HEADERS = {"Authorization": f"Bearer {API_KEY}"}


async def handle_voice(update: Update, context: ContextTypes.DEFAULT_TYPE):
    """Handle voice messages and audio files."""
    message = update.message
    if not message:
        return

    # Get the file from Telegram
    if message.voice:
        file = await message.voice.get_file()
        filename = "voice.ogg"
        content_type = "audio/ogg"
    elif message.audio:
        file = await message.audio.get_file()
        filename = message.audio.file_name or "audio.mp3"
        content_type = message.audio.mime_type or "audio/mpeg"
    elif message.document and message.document.mime_type and \
         message.document.mime_type.startswith("audio/"):
        file = await message.document.get_file()
        filename = message.document.file_name or "audio.mp3"
        content_type = message.document.mime_type
    else:
        return

    await message.reply_text("Transcribing... please wait.")

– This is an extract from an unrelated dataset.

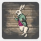 Mint & burgundy tinted version of original vintage White Rabbit illustrations from Alice in Wonderland on  distressed wood background

    # Download from Telegram
    with tempfile.NamedTemporaryFile(suffix=".ogg", delete=False) as tmp:
        await file.download_to_drive(tmp.name)
        file_size = os.path.getsize(tmp.name)

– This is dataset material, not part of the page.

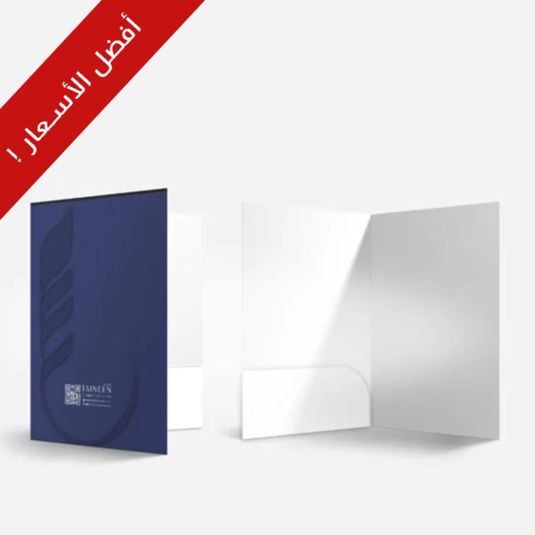 • فولدر مع جيب أبيض (منفصل) طباعة رقمية ملونة من الخارج حسب التصميم المرسل من العميل

        # 1. Presign upload
        presign = requests.post(
            f"{BASE_URL}/uploads/presign",
            headers=HEADERS,
            json={
                "filename": filename,
                "content_type": content_type,
                "size_bytes": file_size,
            },
        ).json()

        # 2. Upload to Nagovori
        with open(tmp.name, "rb") as audio:
            requests.put(
                presign["upload_url"],
                data=audio,
                headers={"Content-Type": content_type},
            )

    os.unlink(tmp.name)

    # 3. Create transcription
    job = requests.post(
        f"{BASE_URL}/transcriptions",
        headers=HEADERS,
        json={
            "object_key": presign["object_key"],
            "filename": filename,
            "content_type": content_type,
            "size_bytes": file_size,
            "language": "auto",
        },
    ).json()

    # 4. Poll for result
    while job["status"] in ("queued", "processing"):
        time.sleep(2)
        job = requests.get(
            f"{BASE_URL}/transcriptions/{job['id']}",
            headers=HEADERS,
        ).json()

    if job["status"] == "completed":
        text = job["transcript_text"]
        # Telegram messages have a 4096 character limit
        for i in range(0, len(text), 4000):
            await message.reply_text(text[i:i + 4000])
    else:
        error = job.get("error_message", "Unknown error")
        await message.reply_text(f"Transcription failed: {error}")


def main():
    app = Application.builder().token(TELEGRAM_TOKEN).build()
    app.add_handler(MessageHandler(
        filters.VOICE | filters.AUDIO | filters.Document.AUDIO,
        handle_voice,
    ))
    print("Bot started. Listening for voice messages...")
    app.run_polling()


if __name__ == "__main__":
    main()

Running

python bot.py

Send a voice message to your bot — it will reply with the transcribed text within seconds.

Deployment

For production, consider:

  • Webhooks instead of polling for lower latency
  • Async polling with asyncio instead of time.sleep
  • Error handling with retry logic for API failures
  • Docker container for easy deployment

Docker Example

FROM python:3.12-slim
WORKDIR /app
COPY requirements.txt .
RUN pip install -r requirements.txt
COPY bot.py .
CMD ["python", "bot.py"]

Extending the Bot

Ideas for improvements:

  • Add /lang command to set preferred language
  • Support video messages (extract audio track)
  • Add /summary command to use AI postprocessing
  • Store transcription history in a database
  • Add inline mode for transcribing forwarded voice messages

Cost

Each voice message uses your Nagovori minute balance. A typical 1-minute voice message uses 1 minute from your balance. Check your remaining minutes in the Profile.